The federal charge carries the most severe penalties in the criminal system, officials said. The U.S. attorney’s office said that if Froberg is convicted, he faces only two possible sentences: life in prison or the death penalty, with the sentence determined by a federal judge. The complaint is a first step in the case and is an allegation, not proof, and Froberg is presumed innocent unless proven guilty in court. Prosecutors said an arrest warrant has been issued, and officials are expected to seek Froberg’s appearance in federal court in Kentucky as the case moves forward through initial hearings and later court dates.

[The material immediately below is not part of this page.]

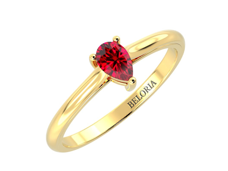Un solitaire tout en finesse, sublimé par un rubis en forme de poire et une monture délicate en or.

For investigators and residents, the announcement reopened memories from the summer of 1996, when police searched for Morgan and tracked the van across state lines. Authorities said the case drew help from local officers and federal agents, and that evidence from the van was kept even after early leads ran out. Bowling Green police and the FBI said the renewed work relied on careful preservation of evidence and follow-up interviews decades later. Officials did not answer every question about why it took so long to identify a suspect, but they said the breakthrough depended on newer testing methods and the ability to compare DNA to a large database that did not exist when Morgan was taken.

As of Saturday, the charge remains pending in federal court, and officials have said the next major step will be Froberg’s transfer for an initial appearance and further proceedings in the Western District of Kentucky. Investigators said they will continue reviewing records and evidence as prosecutors prepare for the next hearings.

Author note: Last updated 2026-02-28.